The Ottoman Empire traced its origins to Osman Bey, a 14th-century Turkish warlord whose conquest of Bursa, a formerly Christian Byzantine city, effectively ended his ancestors' nomadic tradition and laid the groundwork for what would become Islam's longest-lived dynasty. Taking a page from their Abassid predecessors in ninth-century Baghdad, Osman and his successors' conquests of Christian Byzantium left the previous regime's clerks and bureaucrats in place. They channeled the taxes they collected to line the sultans' pockets and to produce some of Islam's most impressive mosques and palaces.

Their expansion was aided, in part, by their pragmatic take on Islamic society, in which the Ottoman state took precedence over all other institutions, even family and religious affiliation. For example, at a time when Islamic fiefdoms in Turkey, Persia, and elsewhere were vying for power in the region, the Ottomans decided against recruiting military leaders and bureaucrats from the ranks of their Muslim brethren and instead created a new institution: the devshirme.

Composed of young Christian boys taken from newly conquered territories, they were essentially slaves to the Ottoman sultans. They were indoctrinated in Muslim religion, culture, and languages, then given the best possible education and channeled into the empire's highest bureaucratic and military ranks. The result was the creation of a social caste free of conflicting loyalties.

"The system was so beautiful in that they only had one allegiance—to the sultan," Islamic historian Esin Atil explains in the PBS documentary Islam: Empire of Faith. "No family, no region, no other ties. . . . Those who were brainy went to the palace schools and graduated into different levels of [political advisers] and governors....Those who were brawny went to the [military]."

With what was now the toughest, most disciplined army in the world, the Ottomans moved to expand their empire. And in 1453, Osman's heir, Mehmet the Conqueror, seized the Ottoman's ultimate prize: Constantinople, the capital of the dying Byzantine Empire.
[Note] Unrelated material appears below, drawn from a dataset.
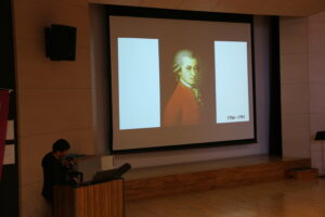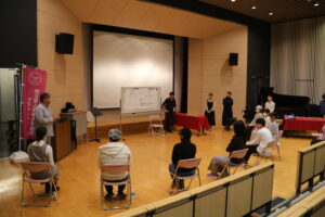 3大学8名の学生の参加があり、東邦音楽大学音楽学部 益田善太専任講師より、モーツァルトの幼少期の様子・創作の背景となる曲の内容や時代背景について、映像・音声を使ってわかりやすく講義が行われ、モーツァルトへの理解が深まりました。後半は一人ひとりフルートを使って、指使い・息の吹込み方や角度を丁寧に教わり、最後に全員で合奏を行いました。

Within hours of breaching the city's walls with the innovative use of gunpowder, Mehmet laid claim to the Hagia Sophia, the city's—and, perhaps, Christianity's—greatest church. He transformed the church into a mosque and renamed the city Istanbul.

Mehmet's successors further expanded the Ottomans' reach, adding Syria, Egypt, and Islam's holiest Arabian sites, as well as portions of Eastern Europe. By the time the sultan Suleiman came to power in 1520, the Ottoman Empire was at its peak. The 10th descendant of Osman, Suleiman was named for the Old Testament's King Solomon, and he set about to reign in a manner no less grand.
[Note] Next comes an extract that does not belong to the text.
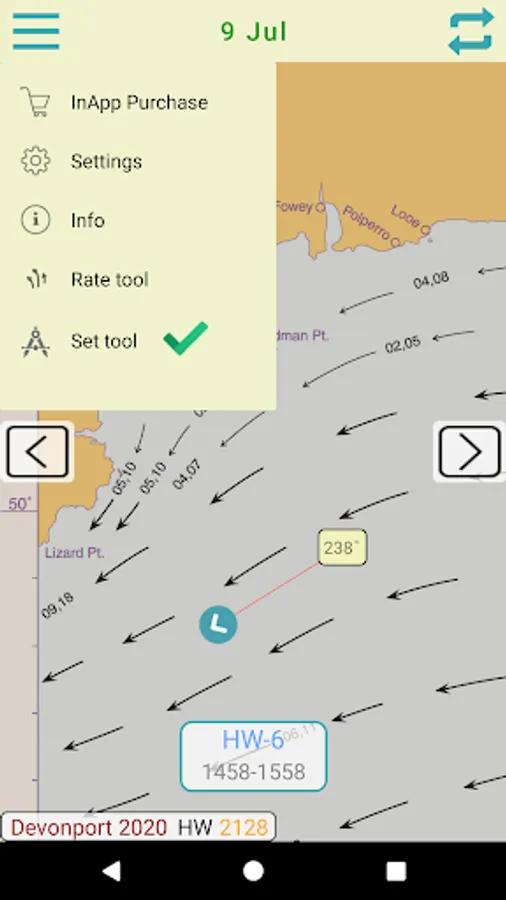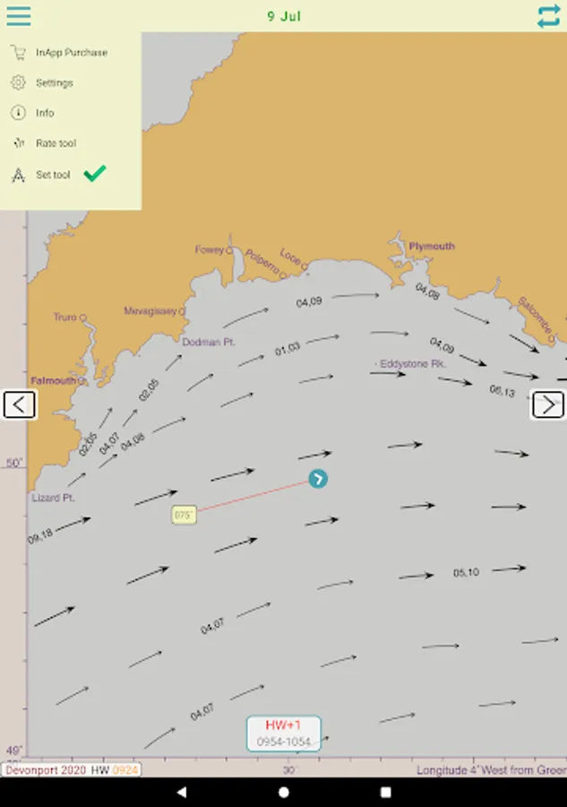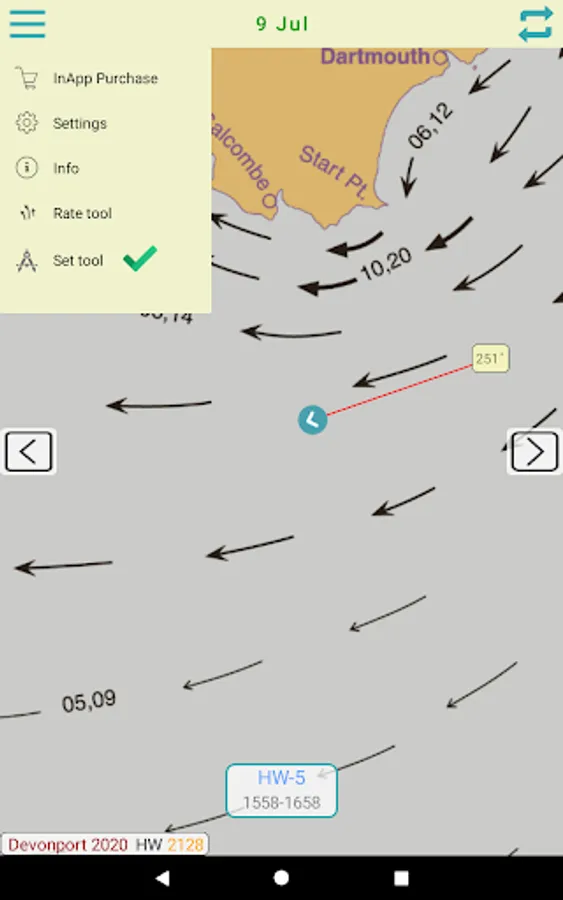 Select the 'Set' tool to measure the precise true course of any tidal stream arrow. (in-app purchase)

In addition to his military conquests in Belgrade and Hungary, Suleiman took advantage of his great wealth to refurbish the Dome of the Rock mosque in Jerusalem. He also commissioned his chief architect to create what remains one of Islam's greatest architectural legacies: the massive Suleymaniye mosque overlooking Istanbul, a vast domed complex that included a hospital, school, and library. When it was completed, Suleiman was so overwhelmed, he boasted, "Oh, Solomon! I have surpassed thee."

Yet for all his power, Suleiman ultimately failed to carry the banner of Islam into the center of Europe. His siege of Vienna in 1529 ended in retreat. And although he vowed to return, he never did. Instead, he became consumed by the same sort of succession battles that had long undermined the Ottoman Empire; one of his four wives, Hurrem, claimed to have learned of a plot by Suleiman's first-born son and heir, Mustafa, to take over the throne. (Hurrem favored her own son, Selim II, for the sultanate.) Suleiman ordered Mustafa's execution and then descended into melancholy. He himself died in 1566, leaving the throne to Selim II, who soon squandered his legacy with sex and alcohol and left the empire to slowly crumble.

The center of global power would soon shift, as the Old World of Europe turned toward the New World across the Atlantic Ocean, eventually leaving the Ottomans in the historical dust. As a religion, Islam would continue to grow, to become the world's second-largest faith. But never again would it hold political or social dominion over the globe.